Although not conclusive by any means, it is appropriate for the Court to note and consider the fact that the present plaintiffs oppose intervention on the grounds which form the basis of this Court’s opinion. See, e. g., Commonwealth Edison Co. v. Allis-Chalmers Mfg. Co., 207 F.Supp. 252, 257 (N.D. Ill.1962), aff’d, 315 F.2d 564 (7th Cir. 1963), cert. denied sub nom. Illinois v. Commonwealth Edison Co., 375 U.S. 834, 84 S.Ct. 64, 11 L.E.2d 64 (1963).

Accordingly, applicant is hereby denied permission to intervene pursuant to Fed. R.Civ.P. 24(b).

The motion is denied in all respects.

So ordered.

. In the interest of convenience, the applicants or movants (who are acting as surviving trustees under the will of Edgar M. Leventritt, deceased) will be referred to as “Leventritt” or applicant.

. The Levin complaint charges that replacement of Class A shares with interest-bearing securities will result in substantial federal income tax savings to MoPac ; that such replacement has not taken place because the present capital structure benefits defendant Mississippi; and that maintenance of the capital structure, as is, is a waste of MoPac’s assets. These allegations are, however, incorporated in the complaint simply to spell out Mississippi’s abuse of its control of MoPac and thus add confirmatory strength to the complaint’s accusation that the dividend policy was also the result of a pattern of abuse by Class A shareholders. No relief is sought by the Levin complaint on the basis of this particular alleged waste of assets; and counsel for Betty Levin and the intervening plaintiffs have stated that no recapitalization of MoPac is sought.

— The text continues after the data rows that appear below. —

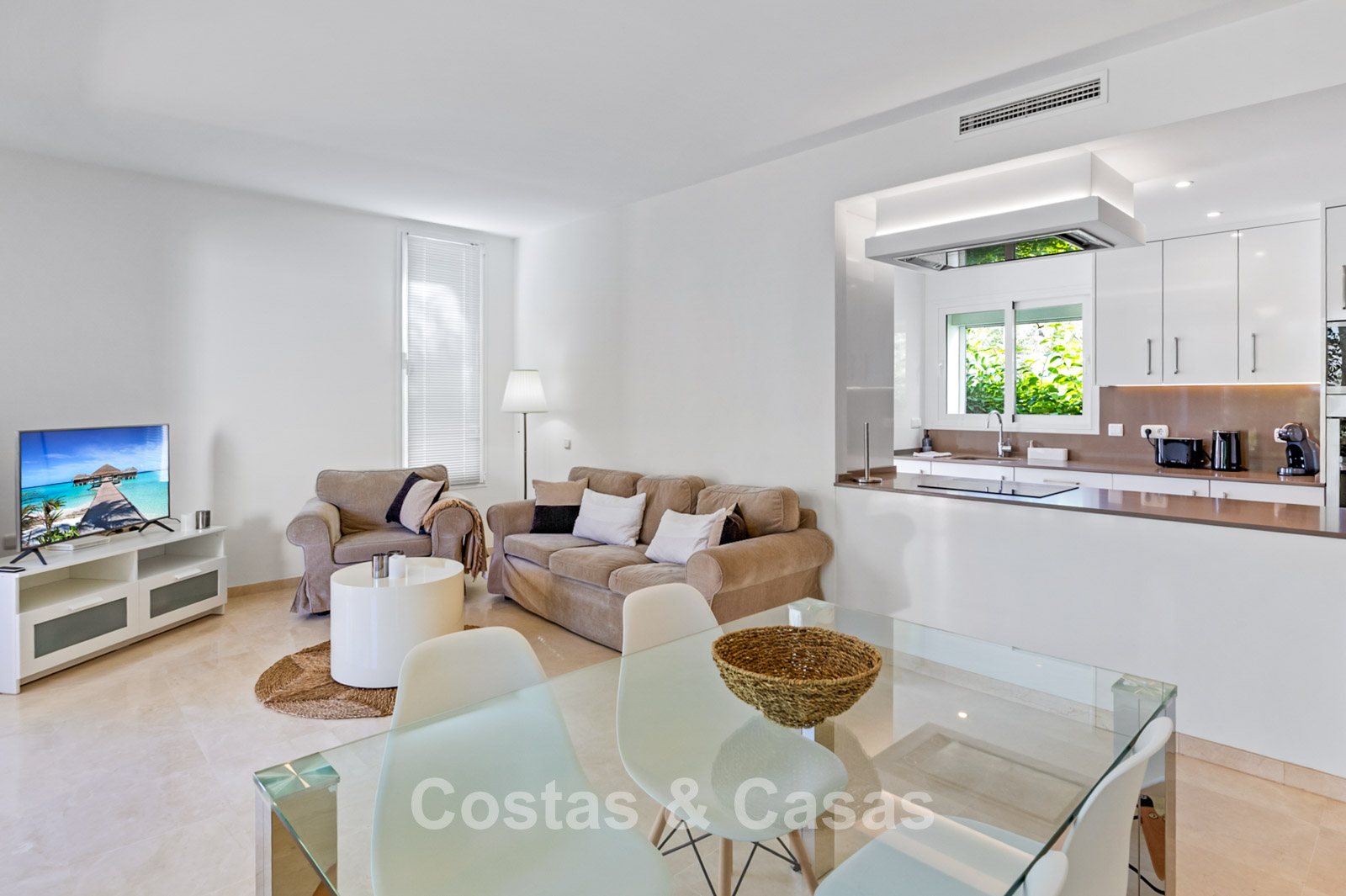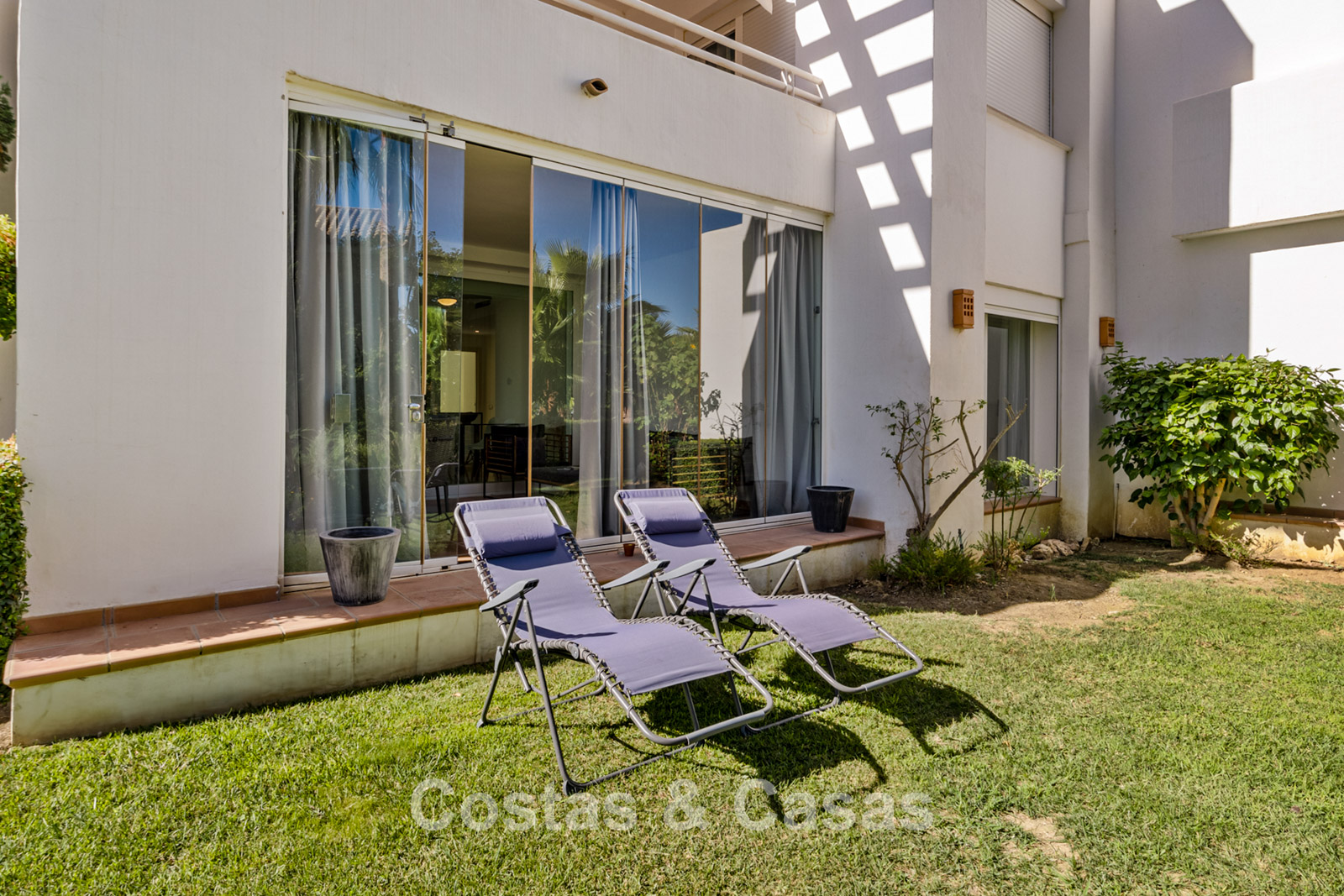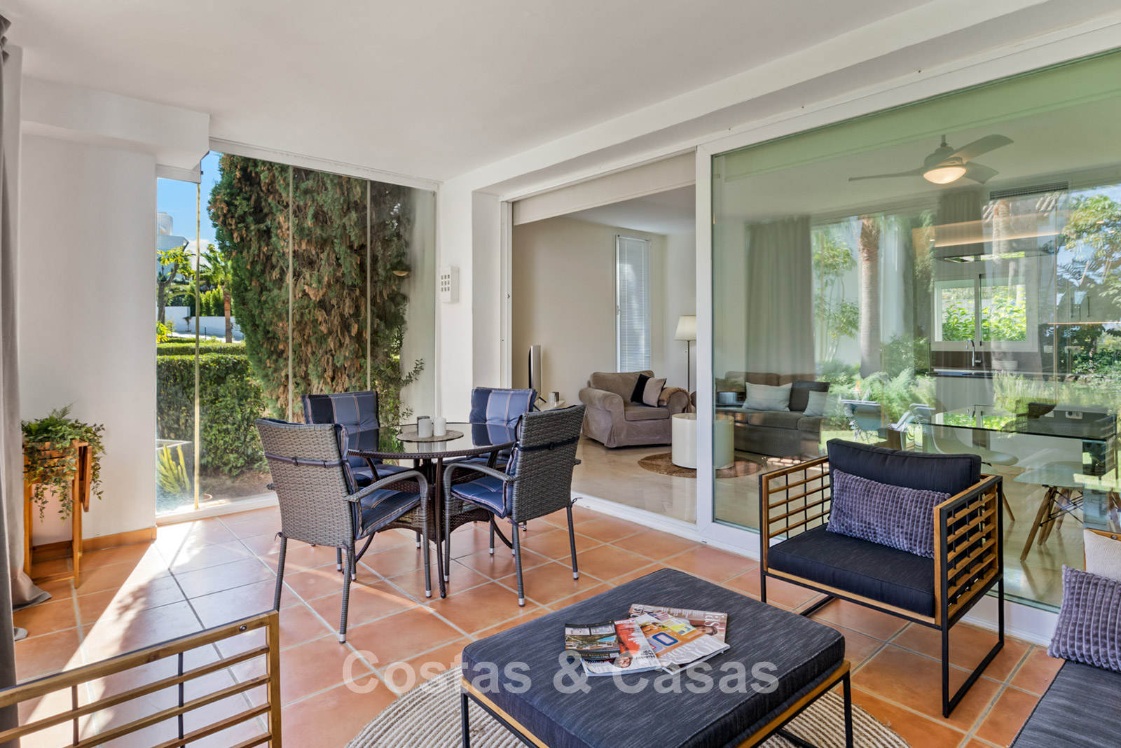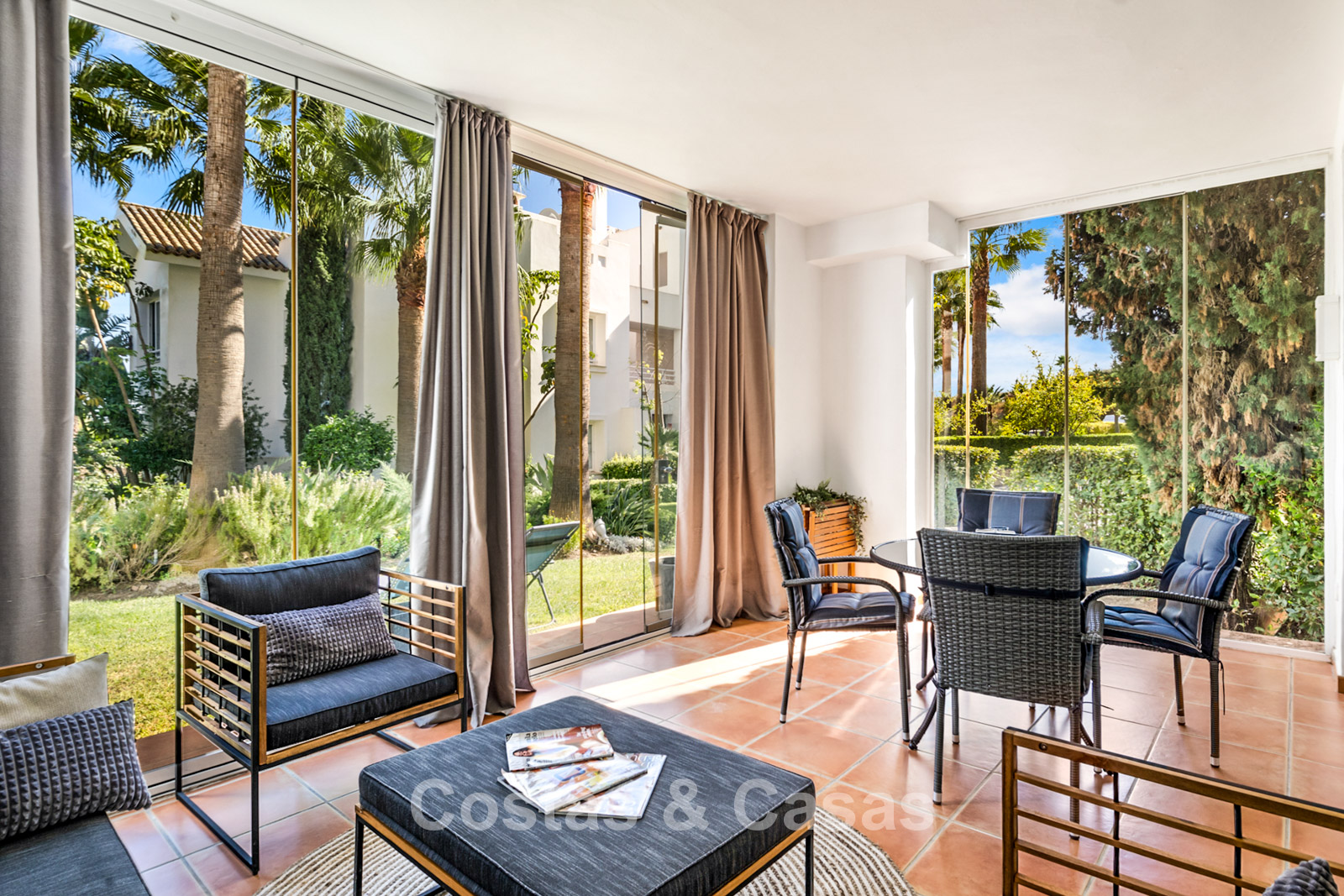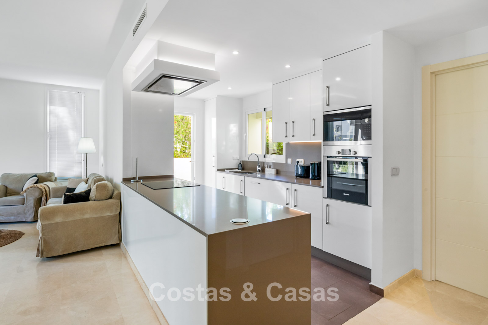 Apartamento en planta baja. Acabados con materiales de alta calidad. Vistas a los preciosos jardines circundantes. Las amplias ventanas correderas del salón proporcionan luminosidad y acceso a la zona exterior. Acceso directo a la terraza cubierta y a un jardín comunitario. Espacio diáfano. Cocina totalmente equipada con electrodomésticos Bosch de alta calidad. Dos amplios dormitorios con dos baños. El dormitorio principal cuenta con baño en suite, mientras que el segundo dormitorio tiene acceso a un baño independiente. Suelos de mármol. Garaje privado.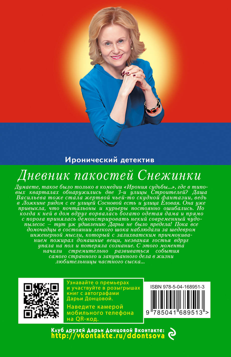 Думаете, такое было только в комедии «Ирония судьбы…», где в типовых кварталах обнаружились две 3-и улицы Строителей? Даша Васильева тоже стала жертвой чьей-то скудной фантазии, ведь в Ложкине рядом с ее улицей Сосновой есть и улица Еловая. Она уже привыкла, что почтальоны и курьеры постоянно ошибались. Но когда к ней в дом вдруг ворвалась богато одетая дама и прямо с порога принялась демонстрировать некий современный чудо-пылесос - тут уж удивлению Дарьи не было предела! Пока все домочадцы в состоянии легкого шока наблюдали за шедевром инженерной мысли, который с залихватским причмокиванием пожирал домашние вещи, незваная гостья вдруг упала на пол и потеряла сознание. С этого момента начали стремительно развиваться события самого странного и запутанного дела в жизни любительницы частного сыска…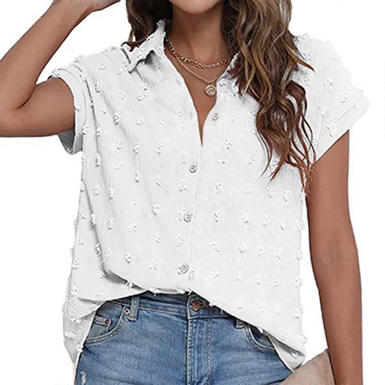 Women's Loose Fit Plain Blouse Collared V Neck 3D Dots Shirt Short Sleeve Button Down Tunics Top for Summer Casual Wear White XL

. Although the proposed Leventritt complaint attempts to explain the economic rationale for converting Class A stock into interest-bearing debentures, the prayer for relief demands nothing relating to this allegation of corporate waste. In a letter to the Court, however, applicant Leventritt has indicated that she is requesting the Court to order MoPac’s Board of Directors to apply to the Interstate Commerce Commission for a modification of MoPac’s capital structure.

. Applicant contends that the antitrust cause of action she seeks to assert revolves around the abuse by Class A stockholders of their majority position in MoPac to the detriment of Class B shareholders and MoPac, and that consequently, intervention is proper because the complaints already filed likewise revolve around the *299relationship between Class A and Class B stock.

Although there is abstract logic to applicant’s contention, as a practical matter of trial proof and resolution of legal issues, applicant has failed to show how her antitrust cause of action has any well-defined issues in common with the complaints in ths action. The circumstance that the motive behind the failure to declare dividends and the alleged restraint of trade is allegedly identical does not alter the more significant fact that the claims share no other grounds of identity.